The focus of the present computational study is the reactivity of the Mn-BTC framework (BTC = benzene-1,3,5-tricarboxylate, Fig. 1a) towards oxidizing species (O₂ and H₂O₂) in aqueous media. We show that the oxidative transformations of the Mn centers in MOFs can potentially be employed as the driver for controlled degradation of Mn-MOF-based nanocontainers in response to increased levels of oxidants produced in pathologic tissues. We computationally evaluated the energetics of the reaction mechanisms corresponding to the MOF–O₂- and MOF–H₂O₂-interactions in aqueous media. The results provide guidance towards the further design of responsive structures for a wider range of applications, including smart drug delivery systems. Besides, the insights into the processes determining the structural (in)stability of Mn-BTC frameworks under oxidative conditions are crucial for their utilization in oxidation catalysis.

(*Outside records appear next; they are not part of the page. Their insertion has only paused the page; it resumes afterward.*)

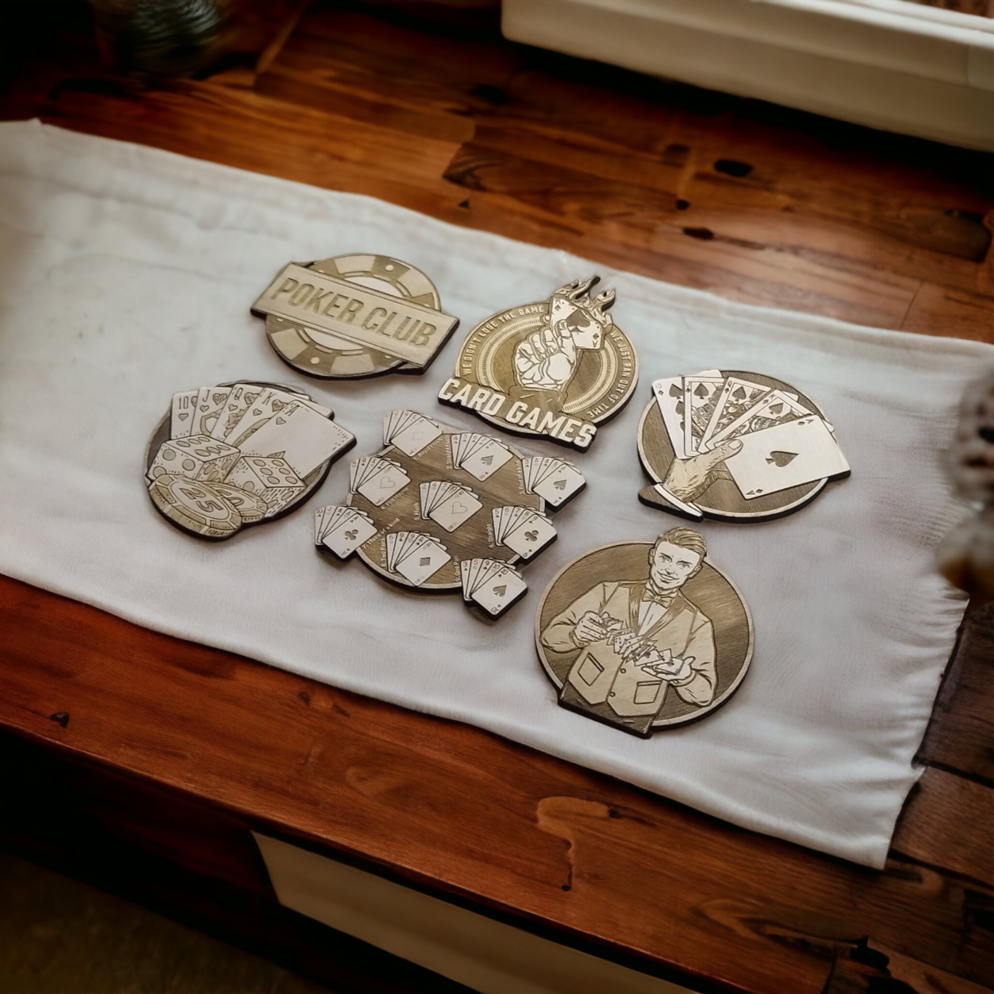 Set of 6 Game Cards Wooden Coasters - Handmade Gift - Wood Kitchenware
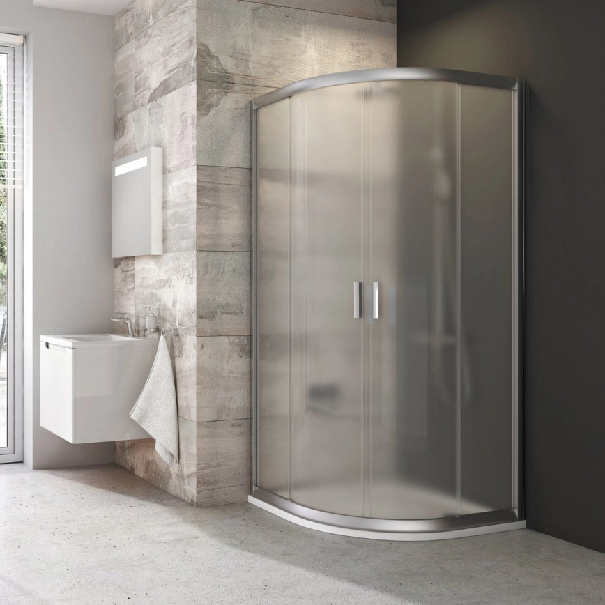 • Kombinácia matného rámu a lesklých chrómových madiel dodáva sprchovaciemu kútu elegantný kontrast a nadčasový vzhľad.
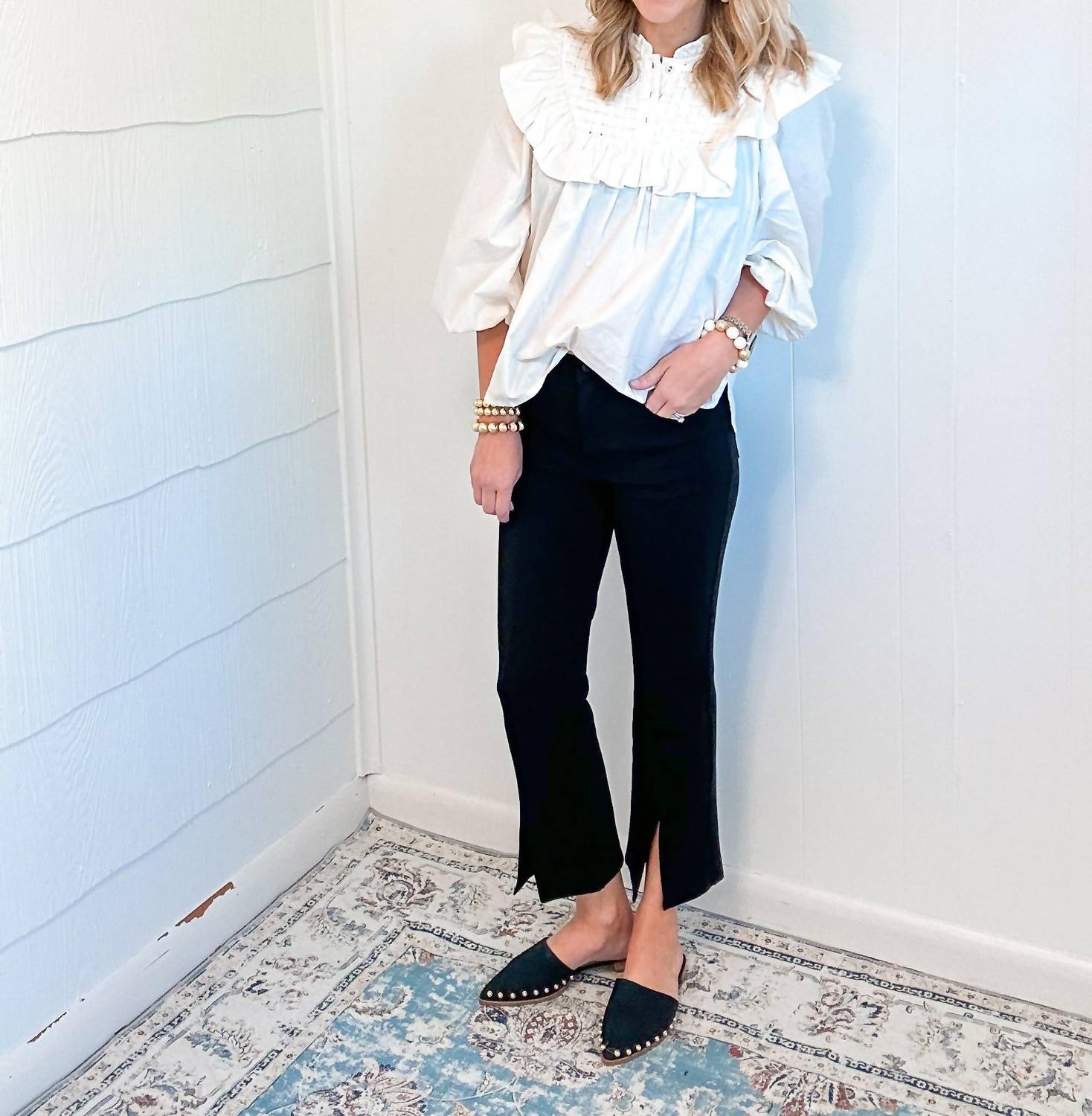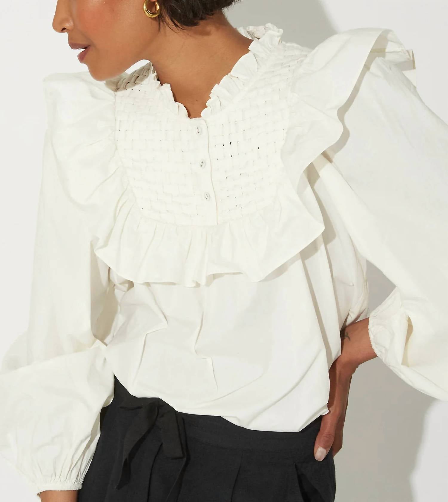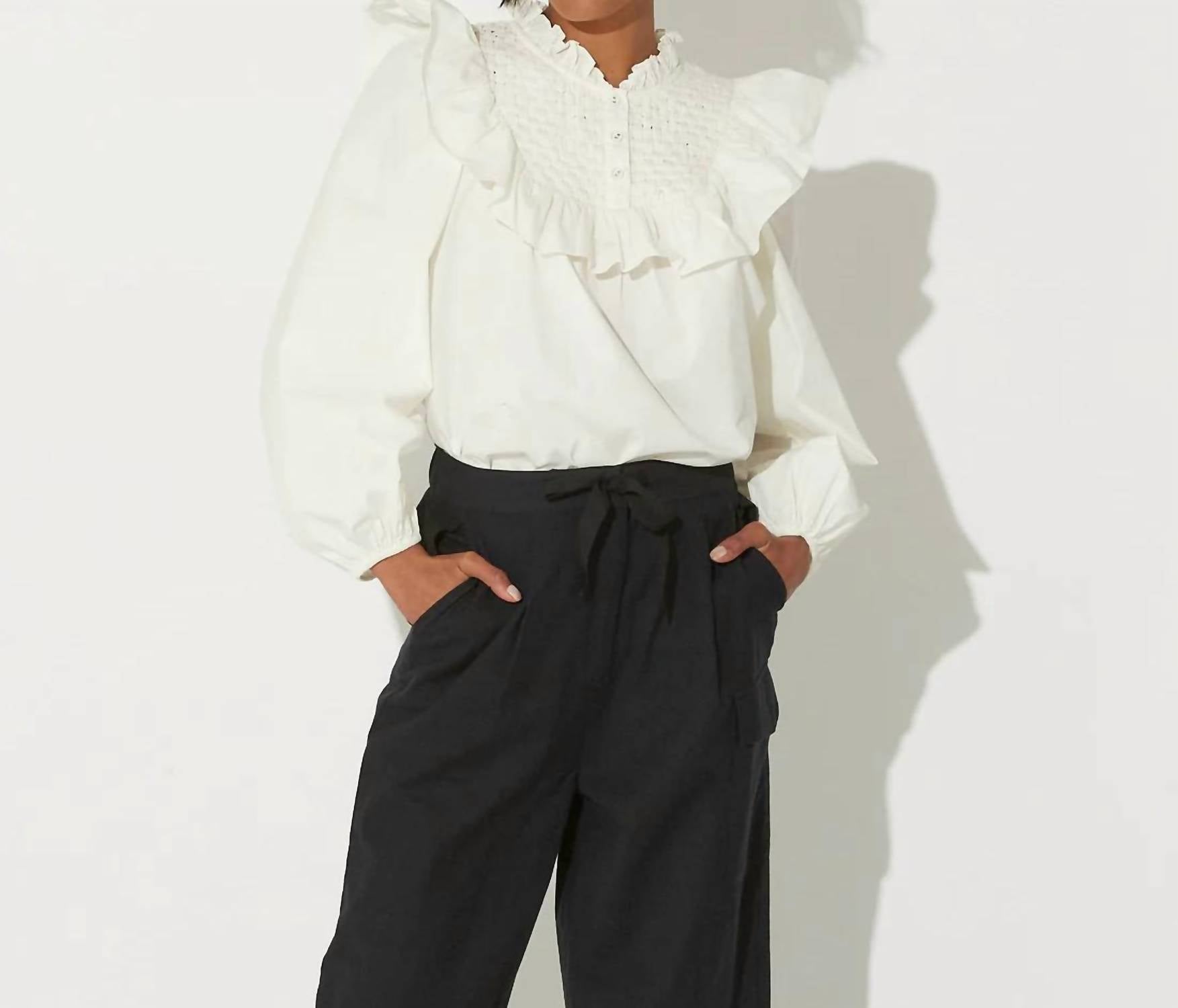 Новинка от Cleobella. Блузка Vivienne — идеальный топ для сочетания с любимыми джинсами или юбкой. Изготовленная из 100% органического хлопкового поплина, сертифицированного GOTS, эта модель с замысловатым переплетением и оборками — классика, которая останется в вашем экологичном гардеробе на многие сезоны! Меган носит маленький размер, а Келси — большой.

Fig. 1 The periodic structure of (a) Mn-BTC MOF and (b) the corresponding [Mn₂(PhCOO)₄] cluster model in S = 10/2 spin state; (c) the 1_10/2 aqua complex along with the MOs representing the relevant molecular orbitals responsible for the Mn–H₂O binding (isosurface thresholds are 0.012 and 0.018 for HOMO−4 and HOMO−9 respectively). (b) and (c) optimized at the PBE-D3/6-31G(d,p) level of theory. Oxygen atoms are red, manganese atoms are purple, carbon atoms are grey, and hydrogen atoms are blue.

2. Computational methods

Density functional theory (DFT) calculations were performed using the Gaussian 09 D.01⁵⁰ program suite to study the structural properties of Mn-BTC MOF and elucidate its stability towards the oxidizing species (O₂ and H₂O₂) in water. Similar to our previous work on an MOF-based drug delivery system,⁵¹ all calculations were carried out at the PBE-D3/6-311++G(d,p)//PBE-D3/6-31G(d,p) level of theory.^52,53 Dispersion attraction was accounted for using the empirical correction scheme proposed by Grimme.⁵⁴ Bulk solvent effects (water) were accounted for with the PCM solvation model⁵⁵ applied to single point calculations at the PBE-D3/6-311++G(d,p) level while the short-range interaction of Mn centers in Mn-BTC with H₂O molecules were accounted for by the explicit inclusion of H₂O species in the model systems. Vibrational frequencies were calculated analytically to evaluate the nature of the optimization-obtained stationary points.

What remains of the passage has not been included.